AND Zero mentions of Meteor, lol!

I think I'm the only indie developer using Meteor and Blaze, but I have to say
they make my life WAY better. Granted, it took some time to figure out exactly
how to optimize the stack to make it scale correctly, but NOW Meteor is the
only solution I've heard of that does this:

 _Meteor now automatically builds two sets of client-side assets, one tailored
to the capabilities of modern browsers, and the other designed to work equally
well in all supported browsers, so that legacy browsers can continue working
exactly as they did before. This “legacy” bundle is equivalent to what Meteor
1.5 and 1.6 delivered to every browser, so the crucial difference in Meteor
1.7 is simply that modern browsers will begin receiving code that is much
closer to what you originally wrote._

The apps I build now run like native apps in a modern browser.
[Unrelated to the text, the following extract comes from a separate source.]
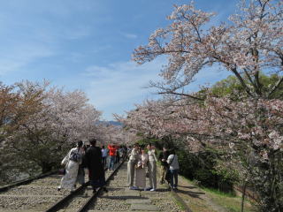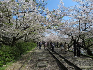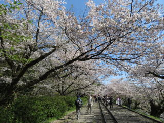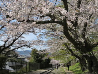 | 哲学の道から南禅寺に出て来て、水道橋の裏から久し振りに蹴上インクラインに 行きました。10日の平日とあって人も少なく、ここも桜はまだまだ綺麗でした。 |

Laser fast.
It's beautiful, like the first time using broadband.

After everyone and their mother proclaimed Meteor to be dead, they rose from
the grave and locked in like Godzilla. I don't begrudge anyone their choices,
but if you haven't taken a look at Meteor lately, having used Wordpress,
Rails, Ember, React, and vanilla JS with node in the past, I'm very grateful
Meteor's development team is STILL knocking it out of the park.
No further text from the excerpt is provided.